3-Methoxybenzoylacetonitrile (6) by Claisen ester condensation using LDA as base (Table 2, entry 6). n-BuLi (2.5 M in hexanes; 5.3 mL, 13.2 mmol) was added dropwise to a stirred solution of DIPA (1.9 mL, 13.6 mmol) in dry THF (2 mL) at 0 °C under Ar, and the mixture was stirred at 0 °C for 10 min. In a separate flask, a solution of methyl 3-methoxybenzoate (9) (1.1 g, 6.6 mmol) and dry acetonitrile (0.5 mL, 9.5 mmol) in dry THF (5 mL) was cooled to −50 °C. The cold LDA solution was added dropwise and the reaction mixture was stirred at −50 °C for 3 h. Saturated aqueous NH₄Cl solution (10 mL) was then added. The solution was allowed to warm to room temperature, extracted with EtOAc (3 × 20 mL), washed with aqueous HCl solution (1 M; 20 mL) and brine (20 mL), dried (MgSO₄) and evaporated in vacuo. Purification by column chromatography on silica gel (dry load), gradient eluting with hexanes to EtOAc–hexanes (2 : 3), gave the title compound (0.82 g, 70%) as a yellow solid, mp 86.3–87.4 °C (MeOH) (lit.,⁴² mp 87–88 °C) (Found [ES]: 198.0523. C₁₀H₉NO₂Na [MNa] requires 198.0525); IR (neat) ν_max/cm⁻¹ 2948 (CH str.), 2252 (C≡N str.), 1694 (C=O str.), 1580 (CC), 1451 (CH), 1258 (C–O), 1012 (C–O); ¹H NMR (500 MHz, CDCl₃) δ_H/ppm 7.49–7.41 (3H, 2-, 5- and 6-CH), 7.21 (1H, d, J = 8, 4-CH), 4.07 (2H, s, CH₂), 3.88 (3H, s, Me); ¹³C NMR (126 MHz, CDCl₃) δ_C/ppm 186.9 (C), 160.2 (3-C), 135.7 (1-C), 130.1 (5-CH), 121.2 (4-CH), 120.9 (6-CH), 113.6 (CN), 112.8 (2-CH), 55.6 (Me), 29.4 (CH₂); m/z (EI) 175 (M˙⁺, 36%), 135 ([M − CH₂CN]⁺, 100).

3-Methoxybenzoylacetonitrile (6) by Claisen ester condensation using NaH as base (Table 2, entry 5). NaH (60% dispersion in mineral oil; 0.49 g, 12.0 mmol) was added portion-wise to a stirred solution of dry MeCN (0.65 mL, 20.3 mmol) in dry toluene (5 mL) at 0 °C under Ar, and the mixture was warmed to room temperature and stirred for 2 h.

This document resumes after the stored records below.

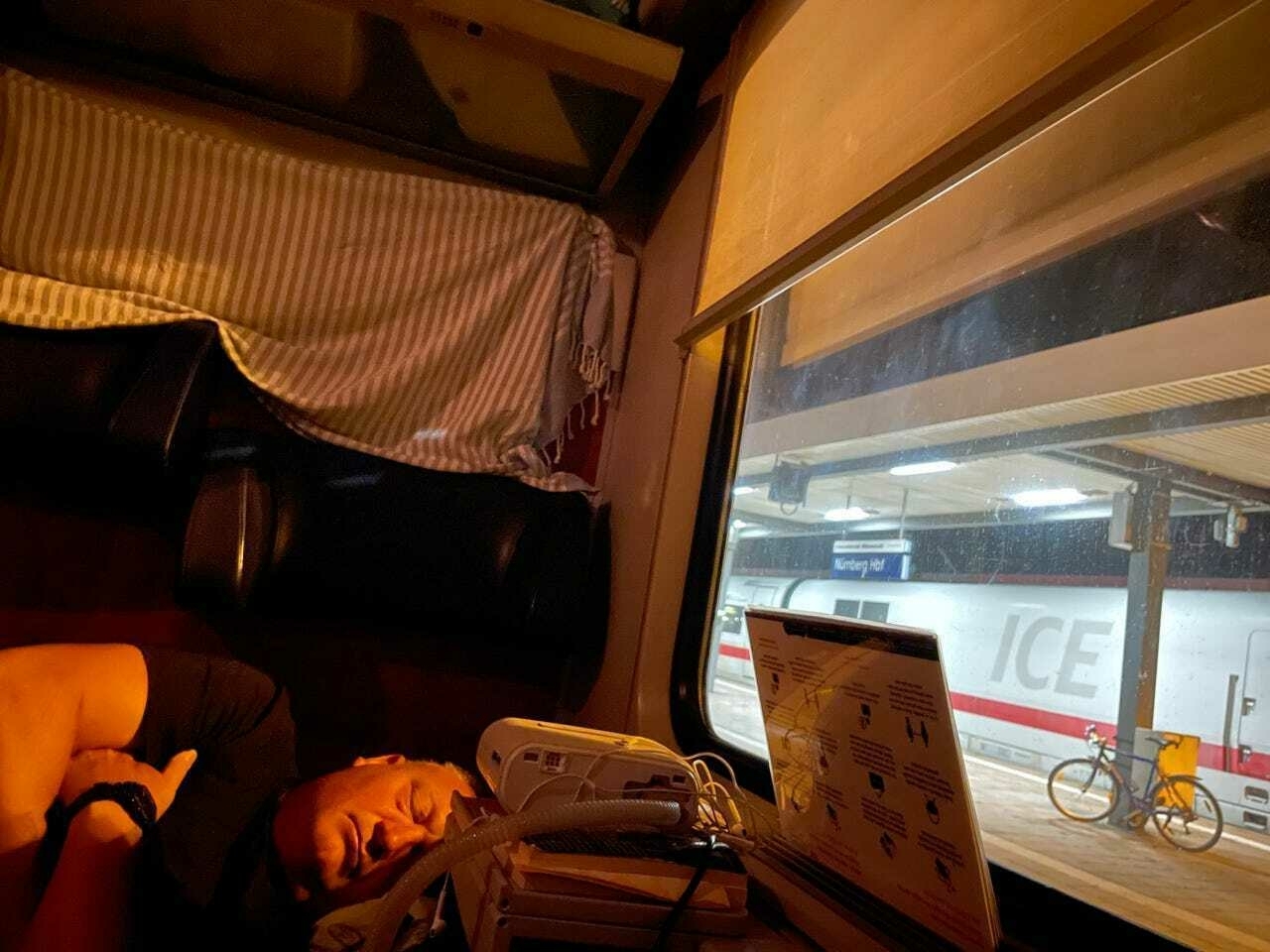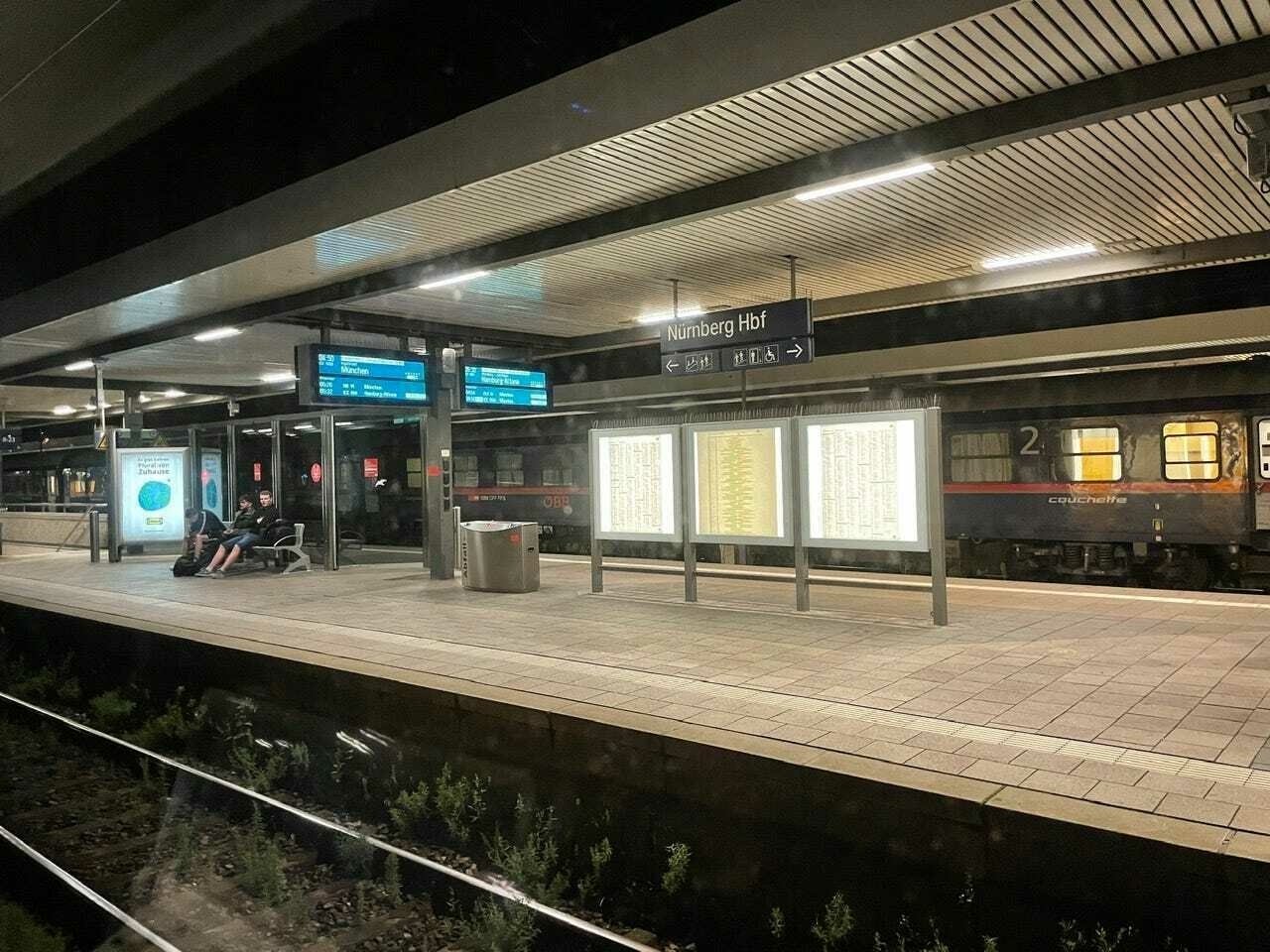 Tåget gick till slut från Innsbruck. Kraftigt försenat rullade tåget iväg medan åskan rullade mellan bergen. 04:28 passerade vi Nürnberg vilket Caroline dokumenterade.
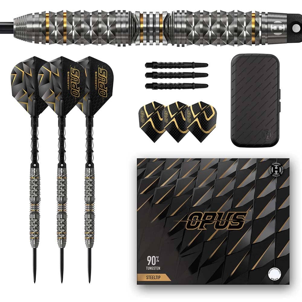Los dardos Opus se suministran con nuestro nuevo Slimcase, 2 juegos de varillas Carbon ST, 2 juegos de plumas Opus de 100 micrones y tienen un peso de competición de +/- 0,05 g.
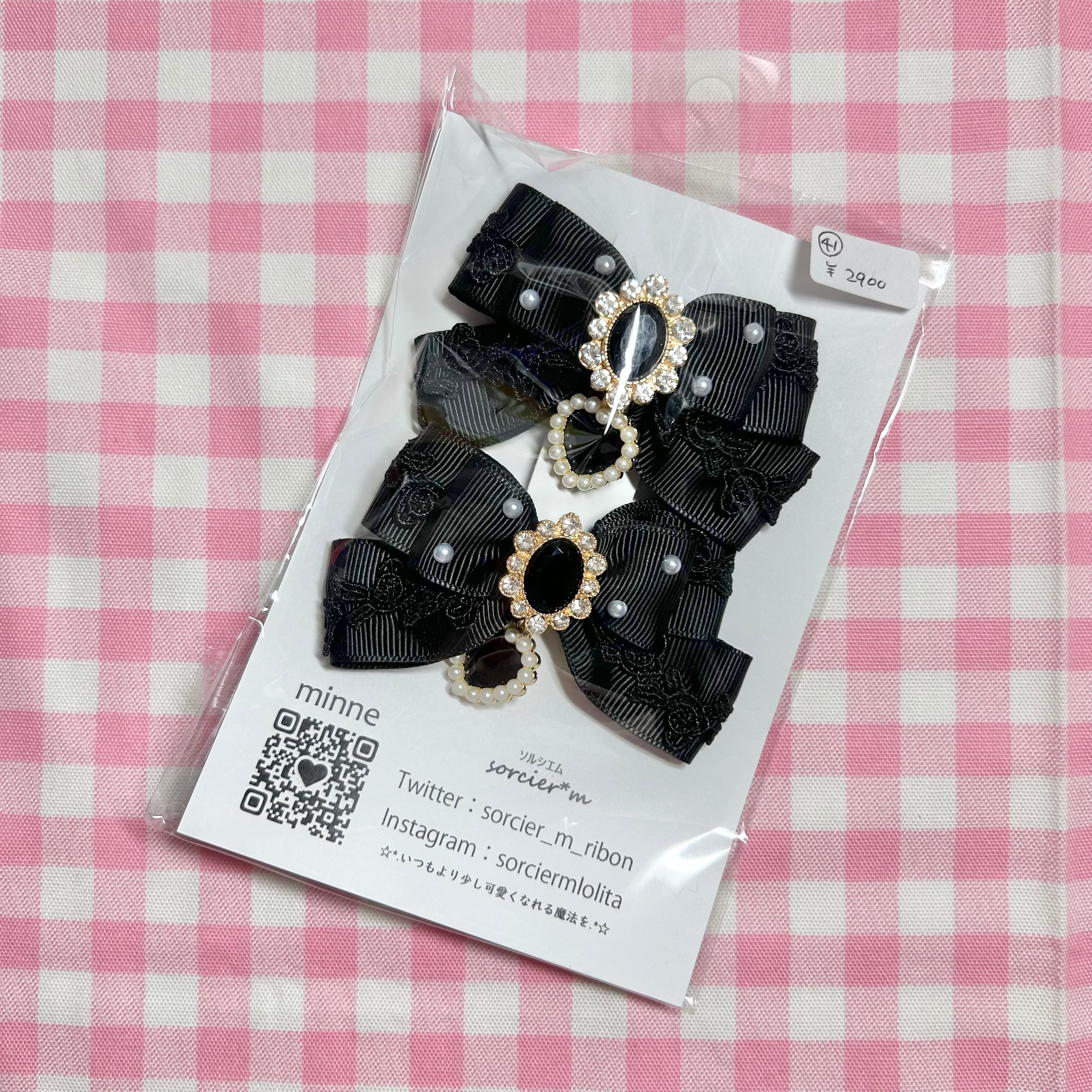 【ゴスロリマーケット アフター通販】リボン ヘアクリップ 薔薇レース ロリータ ロリィタ Lolita パール ツインテール 黒 ブラック ゴスロリ
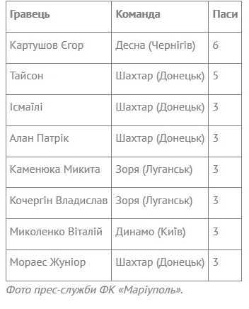 Віддавши три результативні передачі в матчі з «Маріуполем», крайній півзахисник «Десни» Єгор Картушов опинився на вершині таблиці асистентів Favbet Ліги. Взагалі це рідкість — асистентський хет-трик. Завдяки йому чернігівець випередив традиційних лідерів відповідної таблиці — футболістів «Шахтаря». Інший цікавий момент — серед динамівців Києва найбільше асистів має крайній захисник Миколенко.
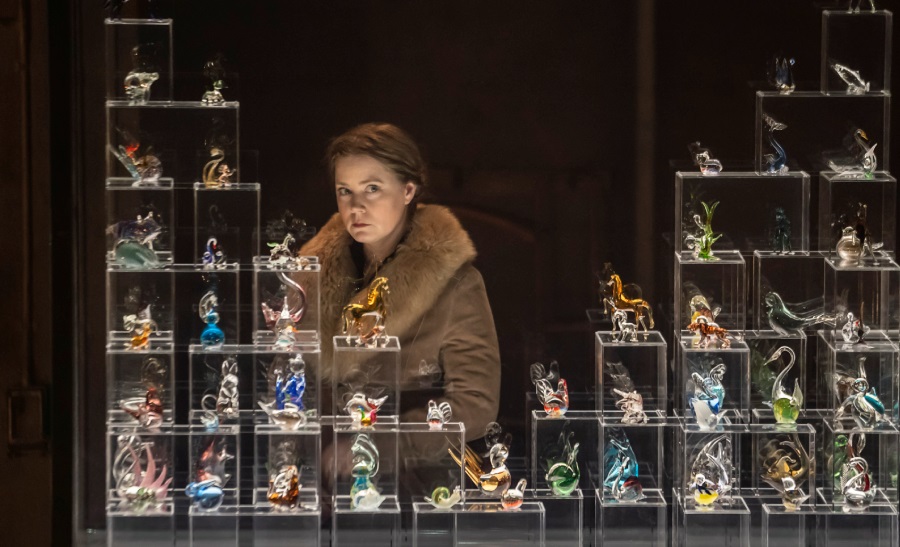 Amy Adams absolutnie spełnia oczekiwania fanów. Na scenie amerykańska aktorka zachwyca podobnie, jak na szklanym ekranie. Gra naturalnie, jakby bez wysiłku. Zgrabnie balansuje między dramatem matki, która samodzielnie wychowuje dwójkę dzieci w trudnych warunkach finansowych, a komizmem kobiety uwięzionej mentalnie w latach swojej młodości, gdy amanci ustawiali się do niej w kolejce. Kobieta, wręcz obsesyjnie, pragnie wydać za mąż Laurę, swoją wrażliwą córkę z niepełnosprawnością (Brydie Service), która jednak zamiast towarzystwa rówieśników i kawalerów, woli świat swoich szklanych figurek. Narzeczonego ma dla niej znaleźć brat – Tom (Tom Glynn-Carney), pracujący na co dzień w fabryce obuwia, aspirujący poeta, który za wszelką cenę pragnie wyrwać się z domu, z dala od temperamentnej matki.
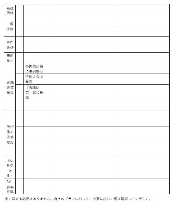 研修委員会では、それぞれの研修区分において臨床発達心理士に求められる資質・能力の研修要点一覧表を作成しました。全国研修会では、これらをもとに、その時々に必要とされるテーマに焦点を合わせて研修会を開催していきます。会員の皆様には、自分に必要な研修内容を検討する際の参考にしていただくことが目的です。
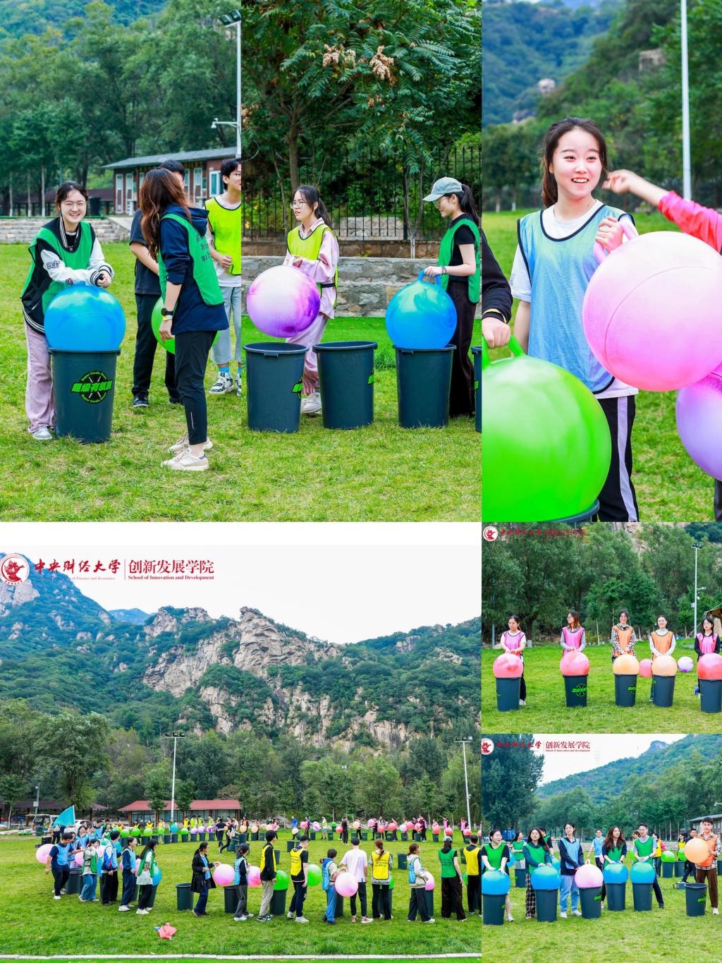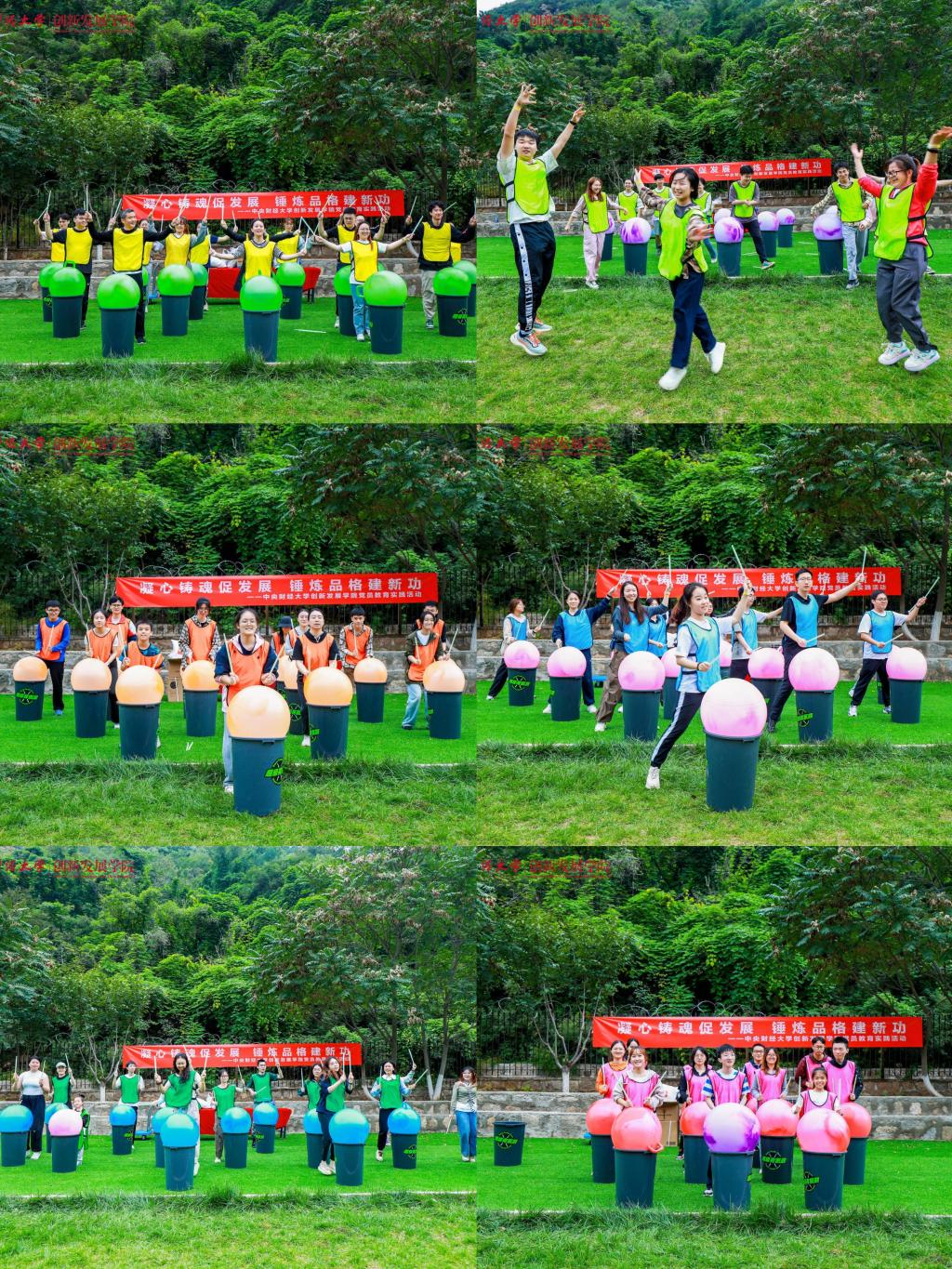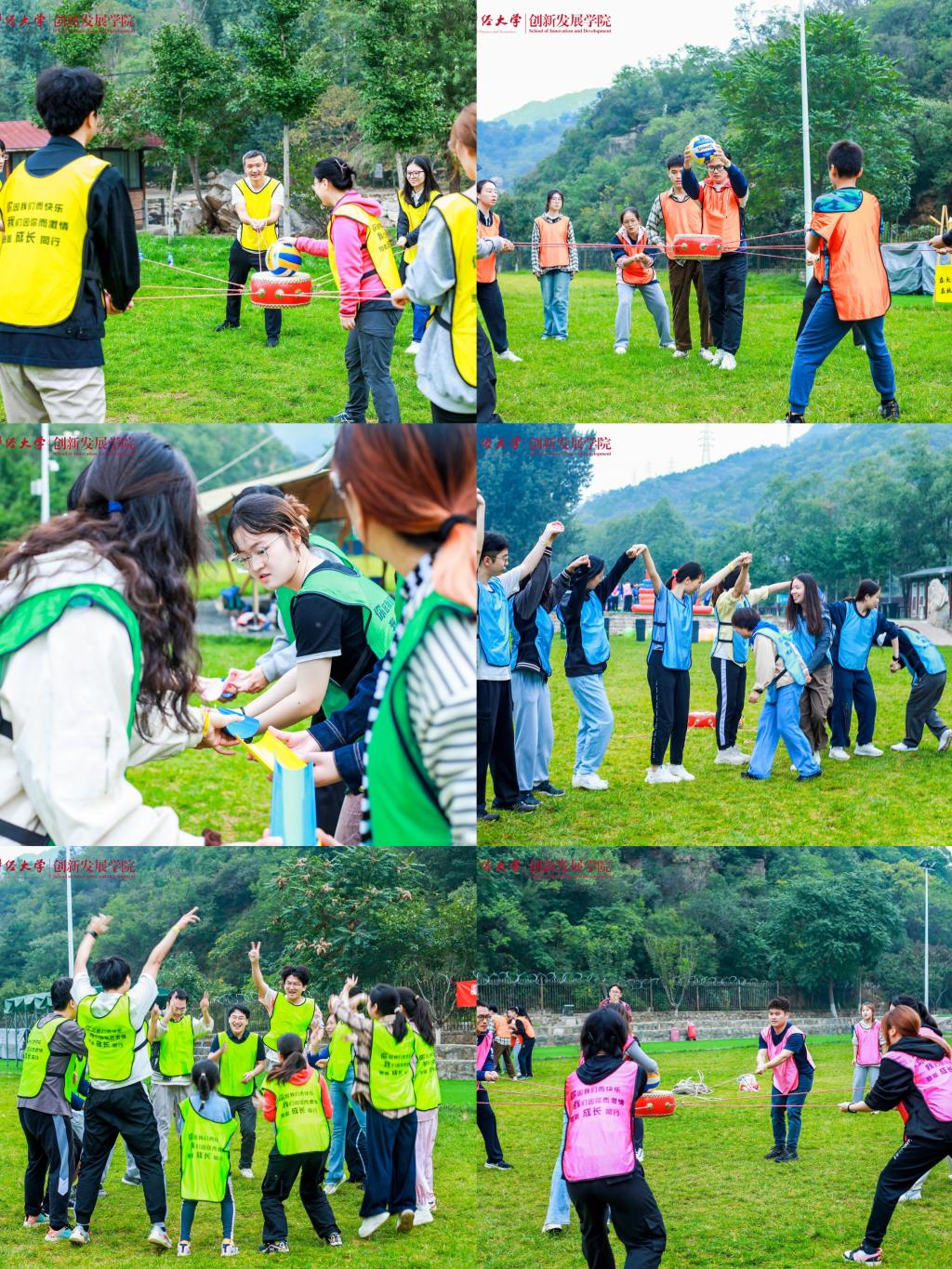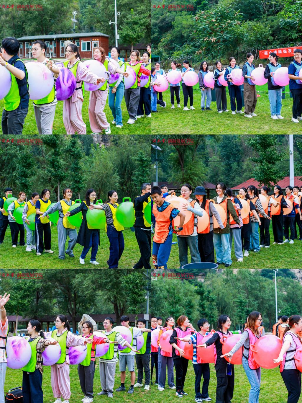 上午九时许,全体师生到达活动地点,绵绵阴雨无法熄灭大家高涨的热情。在学院党委常务副书记王颖老师鼓舞人心的动员之后,妙趣横生的热身破冰活动开始了,师生们共组成六支队伍,每一支队伍都洋溢着勃勃生机与昂扬斗志,分别以“一帆风顺”“好事成双”“三羊开泰”“四季发财”“五福临门”“六六大顺”这些富含吉祥寓意且充满正能量的名字命名,不仅彰显出追求卓越、勇攀高峰的决心与信念,更巧妙地将对祖国繁荣昌盛的深切祝福与对学校未来发展的美好愿景融入其中。

The reaction mixture was then cooled to 0 °C before dropwise addition of a solution of methyl 3-methoxybenzoate (9) (1.05 g, 6.3 mmol) in dry toluene (5 mL). Once complete, the solution was allowed to warm to room temperature and stirred at 90 °C for 16 h. After cooling, the reaction mixture was filtered and the filtrate was extracted with water (20 mL). The isolated solids were then dissolved in the aqueous extract, acidified to pH 3–4 using aqueous HCl solution (1 M), extracted with EtOAc (3 × 20 mL), dried (Na₂SO₄) and evaporated in vacuo. Purification by column chromatography on silica gel (dry load), gradient eluting with hexanes to EtOAc–hexanes (2 : 3), and recrystallization (EtOAc–hexanes) gave the title compound (0.36 g, 34%) as a colourless solid, mp 87.3–88.2 °C (EtOAc) (lit.,⁴² mp 87–88 °C), with identical spectroscopic properties.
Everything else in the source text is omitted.